Treasury Rally Gets Supercharged by Pension, Insurer Hedge Flows

(Bloomberg) -- This year’s blockbuster rally in Treasuries has been driven by a plethora of factors from haven demand to hedging flows. One of the most important in the latest leg has been hedging from pension funds and insurers.

These so-called liability-driven investors have been stung into action as the slide in longer-maturity bond yields has been mirrored by lower swap rates. As pension funds and insurers typically discount their future liabilities by using swaps, the decline in swap rates has increased the present value of their liabilities, unbalancing their asset-liability mix.

One way to fix this is to enter the swap market and receive swaps -- i.e. collect fixed rates and pay floating ones -- which enables the funds to boost income without spending a large amount of cash, which they would need to do if they bought cash Treasuries. The downside is these new swap transactions have in turn helped drive down swap rates and U.S. Treasury yields even further.

Treasury Rally Gets Supercharged by Pension, Insurer Hedge Flows

This feedback loop may last for a while yet. “The strategic asset allocation flows from liability-driven investors may still have a long way to go,” Bank of America New York-based strategists Carol Zhang and Olivia Lima wrote in a research note last week.

Record Lows

Thirty-year Treasury yields slid to a record-low 1.91% on Thursday from as high as 2.67% in the middle of July. The rate on the U.S. 30-year swap has tumbled even faster, dropping to an all-time low 1.51% from last month’s high of 2.34%.

The larger move in the swap rate than the Treasury yield is a footprint left from flows in swap markets, and is a sign that liability-driven investors such as pension funds and insurers are behind the move.

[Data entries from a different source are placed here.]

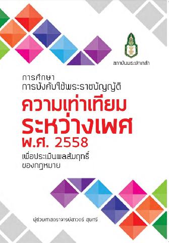การศึกษาการบังคับใช้พระราชบัญญัติความเท่าเทียมระหว่างเพศ พ.ศ. 2558 เพื่อประเมินผลสัมฤทธิ์ของกฎหมาย สาวตรี สุขศรี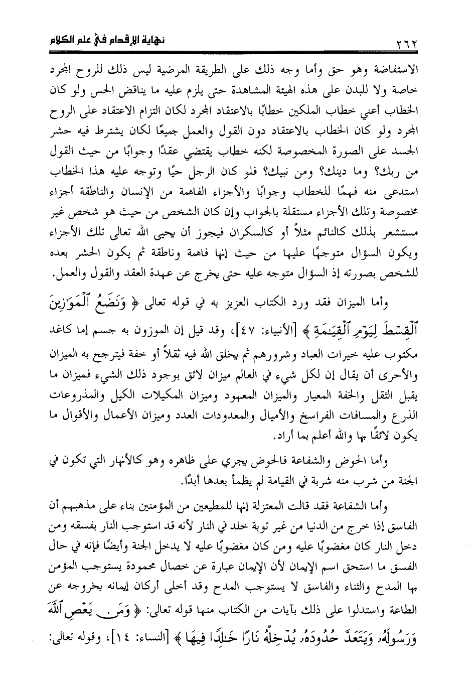 الاستفاضة وهو حق وأما وجه ذلك على الطريقة المرضية ليس ذلك للروح المجرد خاصة ولا للبدن على هذه الهيئة المشاهدة حتى يلزم عليه ما يناقض الحس ولو كان الخطاب أعني خطاب الملكين خطابا بالاعتقاد المجرد لكان التزام الاعتقاد على الروح المجرد ولو كان الخطاب بالاعتقاد دون القول والعمل جميعا لكان يشترط فيه حشر الجسد على الصورة المخصوصة لكنه خطاب يقتضي عقدا وجوابا من حيث القول من ربك؟ وما دينك؟ ومن نبيك؟ فلو كان الرجل حيا وتوجه عليه هذا الخطاب استدعى منه فهما للخطاب وجوابا والأجزاء الفاهمة من الإنسان والناطقة أجزاء مخصوصة وتلك الأجزاء مستقلة بالجواب وإن كان الشخص من حيث هو شخص غير مستشعر بذلك كالنائم مثلا أو كالسكران فيجوز أن يحيى اللّه تعالى تلك الأجزاء ويكون السؤال متوجها عليها من حيث إنها فاهمة وناطقة ثم يكون الحشر بعده للشخص بصورته إذ السؤال متوجه عليه حتى يخرج عن عهدة العقد والقول والعمل.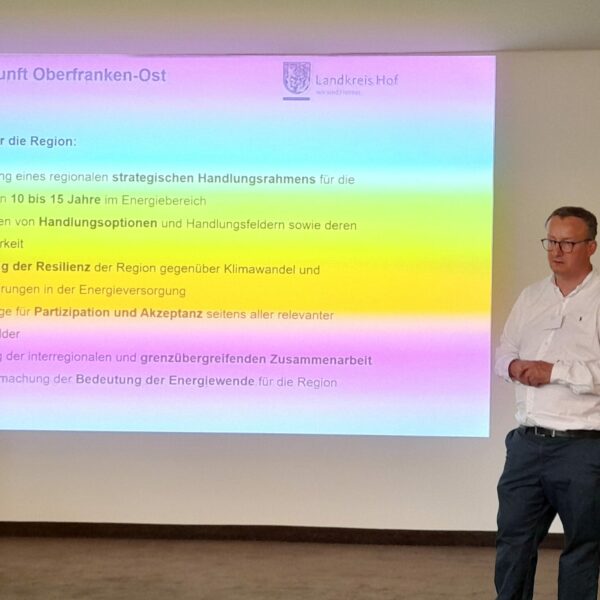 Mit dem Energiestrategie-Projekt „Energiezukunft Oberfranken-Ost“ haben sich die sechs Gebietskörperschaften der Planungsregion Oberfranken-Ost (die Landkreise Hof, Wunsiedel i.Fichtelgebirge, Bayreuth und Kulmbach sowie die kreisfreien Städte Hof und Bayreuth) gemeinsam mit dem Regionalen Planungsverband Oberfranken-Ost auf den Weg gemacht, um zukunftsweisende Strategien für eine nachhaltige Energieversorgung zu entwickeln. Die Förderung durch das Bundesministerium für Wohnen, Stadtentwicklung und Bauwesen (BMWSB) ermöglicht eine tiefgehende Analyse regionaler Energiepotenziale und die Erarbeitung praxisnaher Handlungsempfehlungen. Ziel ist es, die Region als attraktiven Wirtschafts- und Lebensraum zu erhalten, die regionale Wertschöpfung zu steigern und Unternehmen sowie Einwohnern langfristig bezahlbare Energie bereitzustellen. Auch grenzübergreifende Potenziale mit Sachsen, Thüringen und Tschechien werden in den Betrachtungen einbezogen.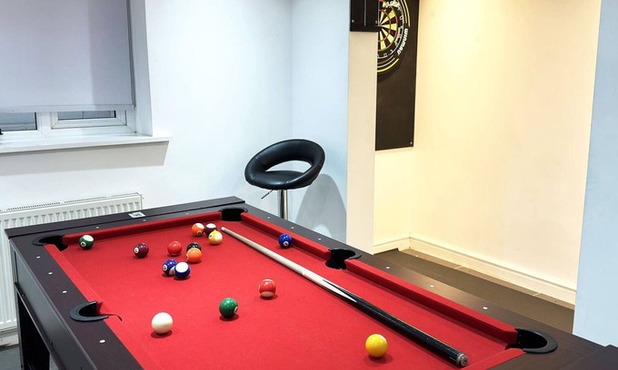 This three-storey period property has a lovely sense of history, which you can see all around you in the form of exposed brickwork, built-in cupboards and ornate fireplaces. The ground floor consists of an almost completely open-plan run, from the lounge, with its corner sofa and Smart TV, through the beautiful dining room, where the wood burner is a dramatic focal point, and past the bar area into the sleek and very well-equipped kitchen. There’s a sofa bed in the lounge in case you need flexible sleeping arrangements. Chill your celebratory bottles in the wine fridge before heading out to the patio and spending an evening with your loved ones on the built-in seating under the pergola. If you linger long into the night, there are bulkhead-style lights to illuminate your gathering. Feeling competitive? The games room downstairs has a dartboard and pool/football table, plus its very own mini fridge. And when bedtime beckons, the first and second floors each boast two bedrooms: a gorgeous king-size with a Smart TV, and a simple, compact twin. The first-floor bathroom has a contemporary free-standing bath for leisurely soaks, twin basins and a separate shower, while on the second floor there’s a sleek shower room.

This is one way in which this month’s Treasury rally differs from that seen in the first quarter. The earlier episode was led by the five-year sector and was partly driven by investors using swaps to hedge positions related to mortgages and interest-rate volatility.

That earlier move had caused the U.S. yield curve to steepen, whereas now the curve has flattened to such an extent that the two- to 10-year spread became inverted this week for the first time since 2007.

--With assistance from Todd White and Elizabeth Stanton.

To contact the reporter on this story: Stephen Spratt in Hong Kong at sspratt3@bloomberg.net

To contact the editors responsible for this story: Tan Hwee Ann at hatan@bloomberg.net, Nicholas Reynolds, Cormac Mullen

©2019 Bloomberg L.P.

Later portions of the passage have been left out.